God stepped back, as it were, and was pleased with what he had done. Do you ever step back and just take joy in the goodness of what God has done in creation? Listening to the rain fall outside on a dreary day. Enjoying the sunrise on an early morning. Taking in the breathtaking whiteness of a fresh layer of snow. Admiring the slow and then sudden change in the color of the leaves in the fall. 

Do you ever sit and watch animals? When I was out in Idaho bear hunting this spring, that first morning we hiked to a spot and sat down to watch an opposite hillside. And I marveled as this herd of elk milled around - and then suddenly seemed to vanish. How do creatures that weigh 400-800 pounds just disappear? I was at Orange City for a Dr. Appt. on Friday, and they have birds in the waiting room. And I was amazed just in that little cage, at the various colors and beak shapes. The variety and creativity in creation is astounding. God could have made a world that was completely drab and gray. But he chose not to. He made a beautiful world. And then he placed us within it and said “rule it in a way that represents Me.” And this arrangement of things he calls, “very good.”

Conclusion

Now, I saw all of that, and I realize this: we often aren’t satisfied in the world God made.

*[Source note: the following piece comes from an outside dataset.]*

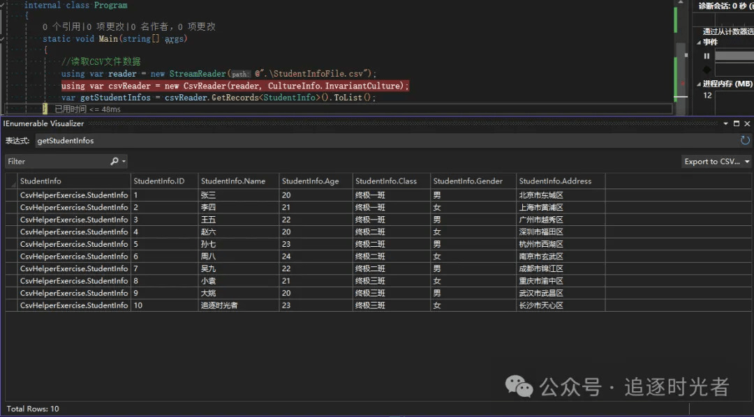 new StudentInfo { ID = 10, Name = "追逐时光者", Age = 23, Class = "终极三班", Gender = "女", Address = "长沙市天心区" }

We live east of Eden, south of the Fall. Our dominion often doesn’t go so well, and honestly, we don’t even know how to rule ourselves, let alone anything else. And we are left deeply unsatisfied. We live in a world desperately seeking satisfaction in all the wrong places.

The transgender boy seeking solace and peace by paying a doctor to mutilate his genitals and pump him full of hormones won’t find peace. The man looking at pornography won’t find the comfort or control he seeks. The woman who tries to climb the ladder at work while ignoring her kids won’t find the validation she deeply desires. The girl posting pictures on social media to gain popularity and affirmation won’t find the relational security she is grasping for.

How can we find satisfaction in God’s created world? How can we reflect him, rather than simply putting on display our fallen shortcomings? It begins with submitting to him. And this side of the fall, that means submitting to his assessment of who you are: a sinner, a child of Adam, deserving God’s judgment. But it also means gladly receiving the salvation accomplished by the second Adam, Jesus. Because Jesus paid for your sins, if you trust in him, you can, as Paul says in Ephesians 4:22-24, “put off your old self, which belongs to your former manner of life and is corrupt through deceitful desires, and to be renewed in the spirit of your minds, and to put on the new self, created after the likeness of God in true righteousness and holiness.”

And the new self will be characterized by living in keeping with the forms and roles God lays out in the Scriptures. It will mean looking for what sort of life he prescribes, and following it not because you’re afraid he’ll zap you otherwise, but because you trust that as a good Father, he knows how life is meant to function in the world he made.

We look for satisfaction out of bounds and it leaves us empty. But by embracing the limits of our creatureliness, and settling into the roles he has assigned to us, we can begin to find a life of joy. A life that delights in reflecting the character and goodness of God through our hard work, through our loving relationships, and through our care for what little slice of the world God has entrusted to us. Don’t look for some “true you” within, and instead embrace this truth: To be human is to be an image of God. And in consciously embracing that role you are on the path to satisfaction in God’s good world.